Exercise requirements:
Copy the lines of the data below exactly, starting at the first and stopping after the line that contains "鮮やかなライトグリーンが目を引く夜光毛糸6玉セットです。"; include no pictures.

Data excerpts:
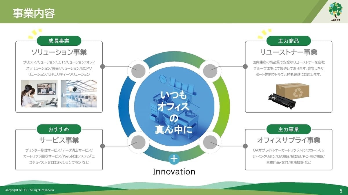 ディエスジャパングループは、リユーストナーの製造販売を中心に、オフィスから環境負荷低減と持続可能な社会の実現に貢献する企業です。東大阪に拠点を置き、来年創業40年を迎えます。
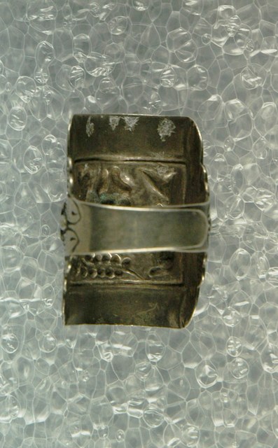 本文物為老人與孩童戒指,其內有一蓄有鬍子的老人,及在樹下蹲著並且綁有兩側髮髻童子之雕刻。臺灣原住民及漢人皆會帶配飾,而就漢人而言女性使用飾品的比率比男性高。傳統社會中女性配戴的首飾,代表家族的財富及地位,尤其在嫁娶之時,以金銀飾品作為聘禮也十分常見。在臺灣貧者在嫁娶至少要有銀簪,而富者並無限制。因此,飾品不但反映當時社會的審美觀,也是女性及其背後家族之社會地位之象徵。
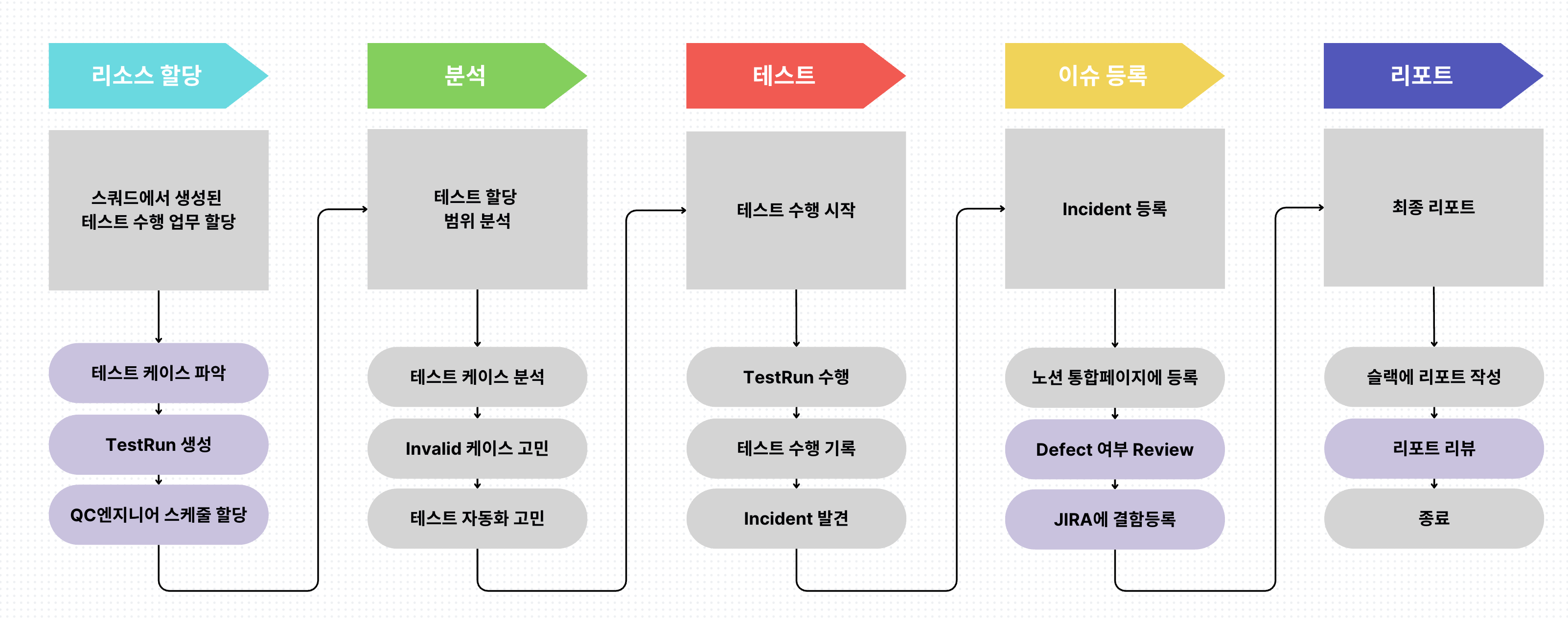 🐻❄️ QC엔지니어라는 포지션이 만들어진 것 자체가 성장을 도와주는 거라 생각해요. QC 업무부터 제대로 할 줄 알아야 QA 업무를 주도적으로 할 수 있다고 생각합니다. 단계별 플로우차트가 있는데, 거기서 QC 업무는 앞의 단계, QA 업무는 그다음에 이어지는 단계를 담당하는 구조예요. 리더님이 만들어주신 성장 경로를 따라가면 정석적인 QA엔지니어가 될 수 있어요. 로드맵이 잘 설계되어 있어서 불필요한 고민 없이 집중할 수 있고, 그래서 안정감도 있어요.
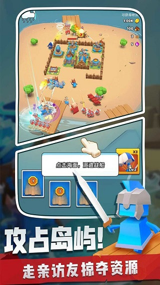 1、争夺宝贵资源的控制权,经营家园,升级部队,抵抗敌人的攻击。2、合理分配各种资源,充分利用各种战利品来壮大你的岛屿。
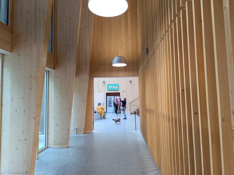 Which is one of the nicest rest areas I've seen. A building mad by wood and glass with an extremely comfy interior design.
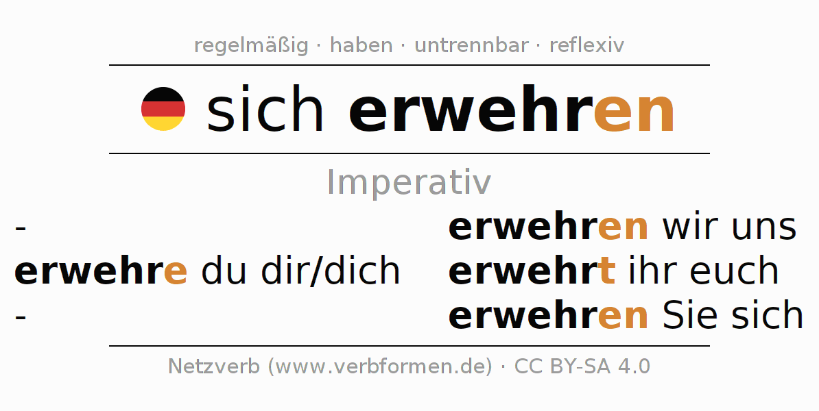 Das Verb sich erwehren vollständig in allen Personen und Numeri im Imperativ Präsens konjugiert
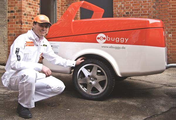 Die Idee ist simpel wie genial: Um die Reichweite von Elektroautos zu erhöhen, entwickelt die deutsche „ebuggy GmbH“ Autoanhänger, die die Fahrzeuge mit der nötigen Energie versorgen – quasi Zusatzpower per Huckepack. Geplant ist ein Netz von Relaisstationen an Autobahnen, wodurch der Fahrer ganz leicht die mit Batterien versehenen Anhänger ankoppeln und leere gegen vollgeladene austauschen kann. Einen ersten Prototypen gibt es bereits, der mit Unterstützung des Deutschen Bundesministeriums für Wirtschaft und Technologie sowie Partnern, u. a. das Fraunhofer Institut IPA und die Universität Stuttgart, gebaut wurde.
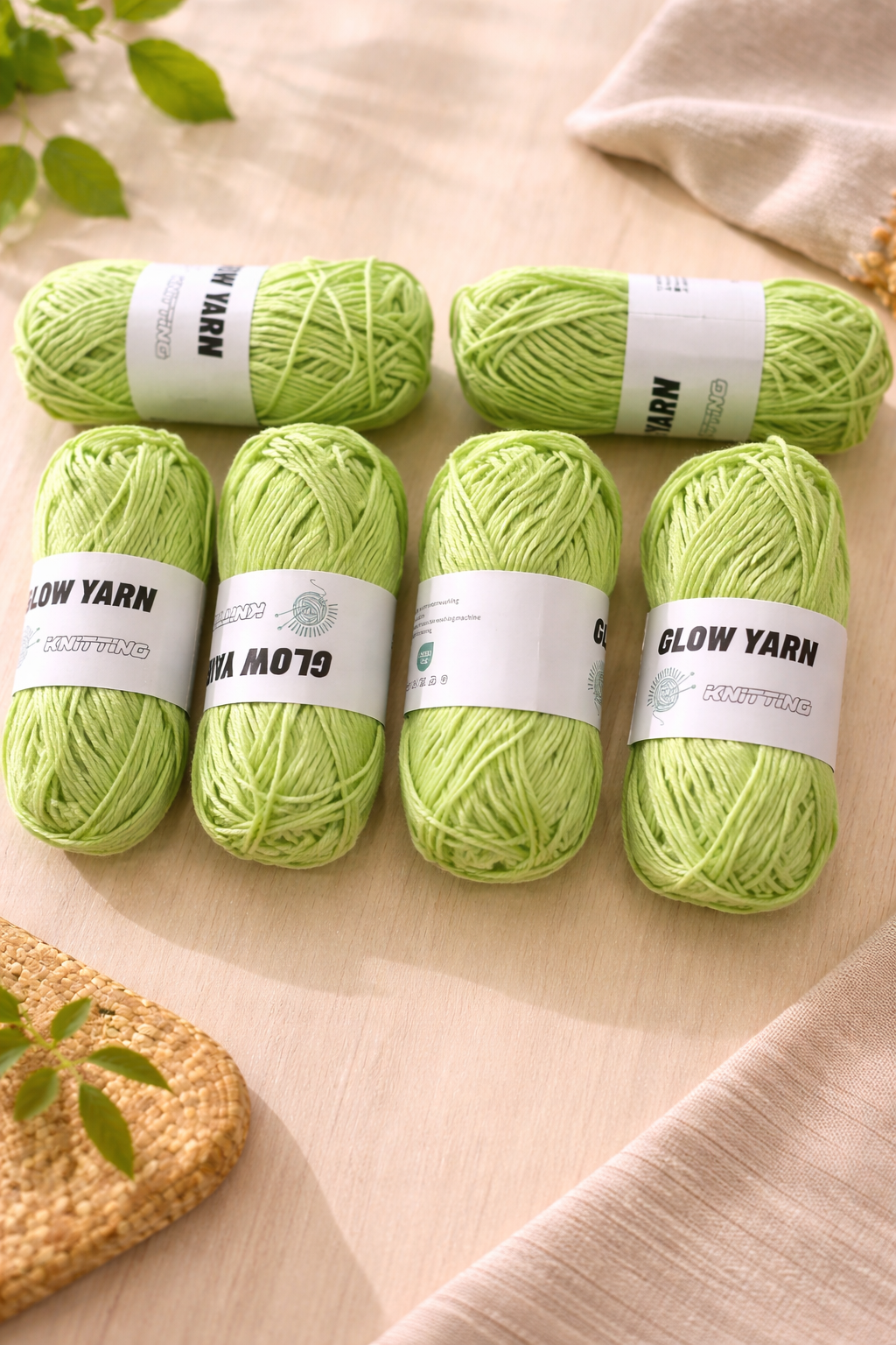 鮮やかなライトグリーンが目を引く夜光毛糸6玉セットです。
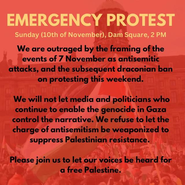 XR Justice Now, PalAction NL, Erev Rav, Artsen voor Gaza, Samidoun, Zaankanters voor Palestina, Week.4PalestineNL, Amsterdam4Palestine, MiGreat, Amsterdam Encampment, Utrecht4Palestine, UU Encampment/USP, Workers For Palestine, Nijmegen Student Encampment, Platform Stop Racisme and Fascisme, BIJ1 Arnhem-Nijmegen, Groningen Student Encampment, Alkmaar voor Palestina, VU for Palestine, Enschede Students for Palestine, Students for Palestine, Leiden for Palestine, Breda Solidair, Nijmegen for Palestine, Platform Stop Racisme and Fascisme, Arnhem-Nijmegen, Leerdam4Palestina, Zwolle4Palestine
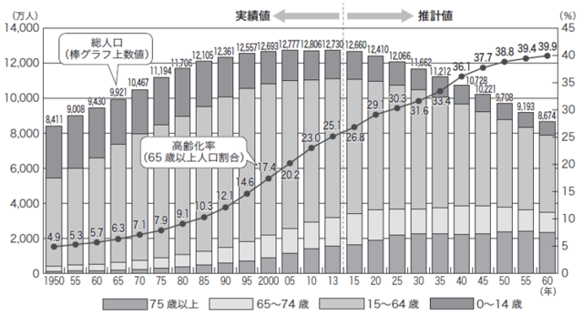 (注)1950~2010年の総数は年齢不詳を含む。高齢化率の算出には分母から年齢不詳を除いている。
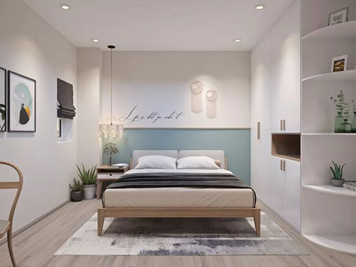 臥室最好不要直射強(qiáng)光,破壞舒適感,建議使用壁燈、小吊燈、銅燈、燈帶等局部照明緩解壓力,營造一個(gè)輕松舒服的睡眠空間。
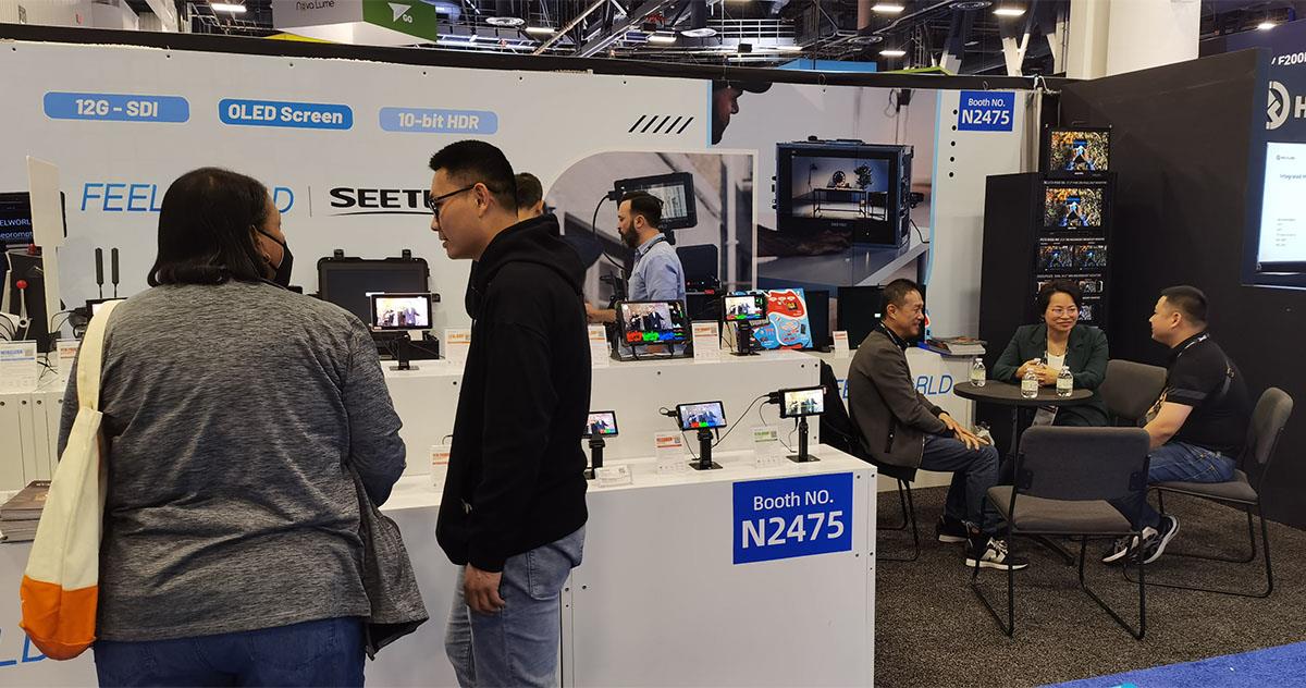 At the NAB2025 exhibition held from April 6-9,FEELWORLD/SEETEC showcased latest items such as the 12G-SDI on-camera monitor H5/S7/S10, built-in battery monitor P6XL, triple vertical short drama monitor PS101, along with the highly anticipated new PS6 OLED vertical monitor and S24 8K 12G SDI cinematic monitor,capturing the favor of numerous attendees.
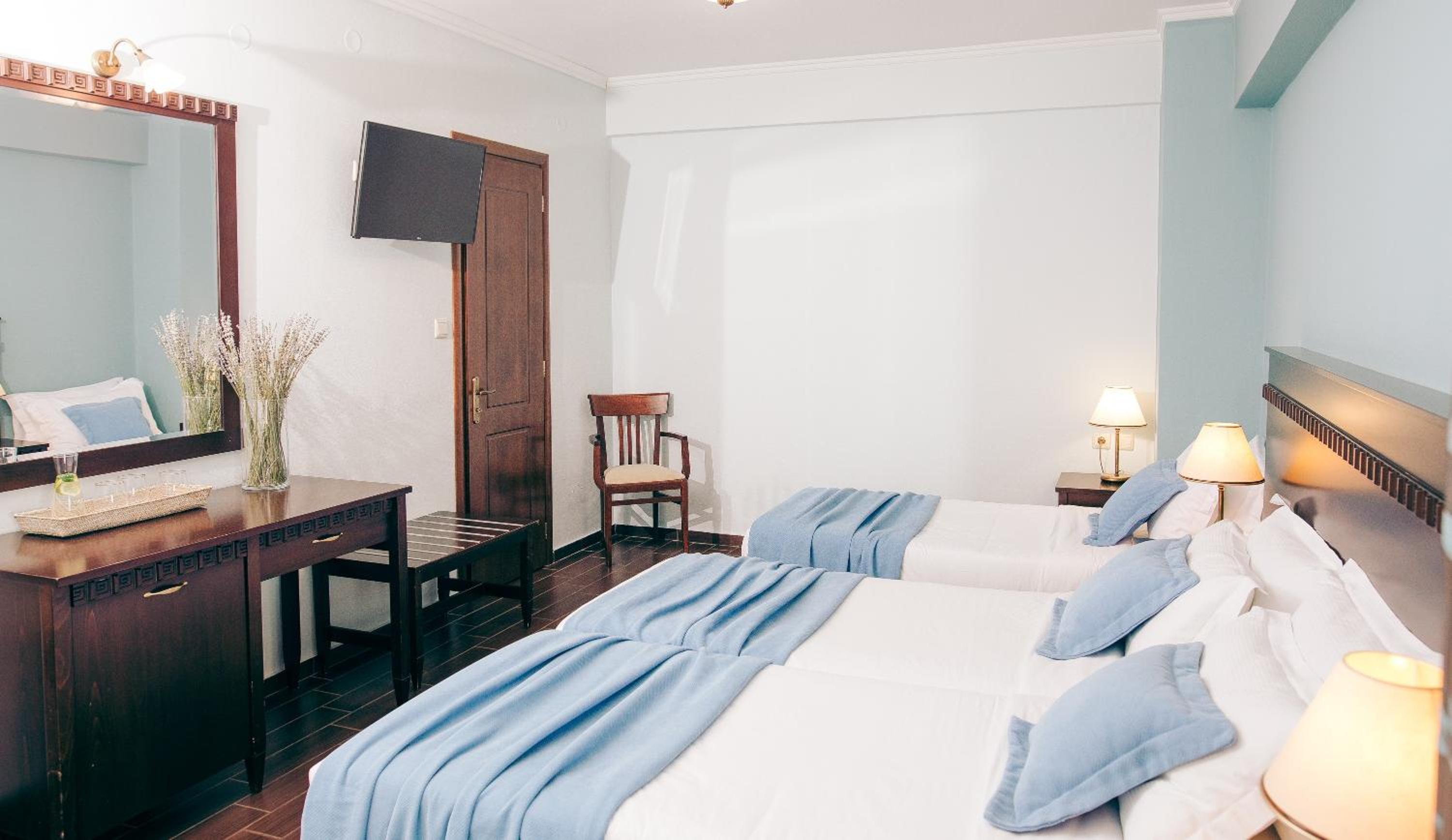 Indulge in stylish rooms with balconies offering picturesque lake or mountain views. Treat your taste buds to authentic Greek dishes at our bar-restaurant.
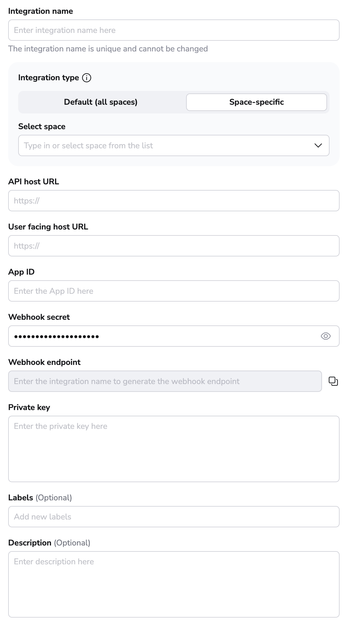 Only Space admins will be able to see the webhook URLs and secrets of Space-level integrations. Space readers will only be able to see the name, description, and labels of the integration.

Output:
 ディエスジャパングループは、リユーストナーの製造販売を中心に、オフィスから環境負荷低減と持続可能な社会の実現に貢献する企業です。東大阪に拠点を置き、来年創業40年を迎えます。
 本文物為老人與孩童戒指,其內有一蓄有鬍子的老人,及在樹下蹲著並且綁有兩側髮髻童子之雕刻。臺灣原住民及漢人皆會帶配飾,而就漢人而言女性使用飾品的比率比男性高。傳統社會中女性配戴的首飾,代表家族的財富及地位,尤其在嫁娶之時,以金銀飾品作為聘禮也十分常見。在臺灣貧者在嫁娶至少要有銀簪,而富者並無限制。因此,飾品不但反映當時社會的審美觀,也是女性及其背後家族之社會地位之象徵。
 🐻❄️ QC엔지니어라는 포지션이 만들어진 것 자체가 성장을 도와주는 거라 생각해요. QC 업무부터 제대로 할 줄 알아야 QA 업무를 주도적으로 할 수 있다고 생각합니다. 단계별 플로우차트가 있는데, 거기서 QC 업무는 앞의 단계, QA 업무는 그다음에 이어지는 단계를 담당하는 구조예요. 리더님이 만들어주신 성장 경로를 따라가면 정석적인 QA엔지니어가 될 수 있어요. 로드맵이 잘 설계되어 있어서 불필요한 고민 없이 집중할 수 있고, 그래서 안정감도 있어요.
 1、争夺宝贵资源的控制权,经营家园,升级部队,抵抗敌人的攻击。2、合理分配各种资源,充分利用各种战利品来壮大你的岛屿。
 Which is one of the nicest rest areas I've seen. A building mad by wood and glass with an extremely comfy interior design.
 Das Verb sich erwehren vollständig in allen Personen und Numeri im Imperativ Präsens konjugiert
 Die Idee ist simpel wie genial: Um die Reichweite von Elektroautos zu erhöhen, entwickelt die deutsche „ebuggy GmbH“ Autoanhänger, die die Fahrzeuge mit der nötigen Energie versorgen – quasi Zusatzpower per Huckepack. Geplant ist ein Netz von Relaisstationen an Autobahnen, wodurch der Fahrer ganz leicht die mit Batterien versehenen Anhänger ankoppeln und leere gegen vollgeladene austauschen kann. Einen ersten Prototypen gibt es bereits, der mit Unterstützung des Deutschen Bundesministeriums für Wirtschaft und Technologie sowie Partnern, u. a. das Fraunhofer Institut IPA und die Universität Stuttgart, gebaut wurde.
 鮮やかなライトグリーンが目を引く夜光毛糸6玉セットです。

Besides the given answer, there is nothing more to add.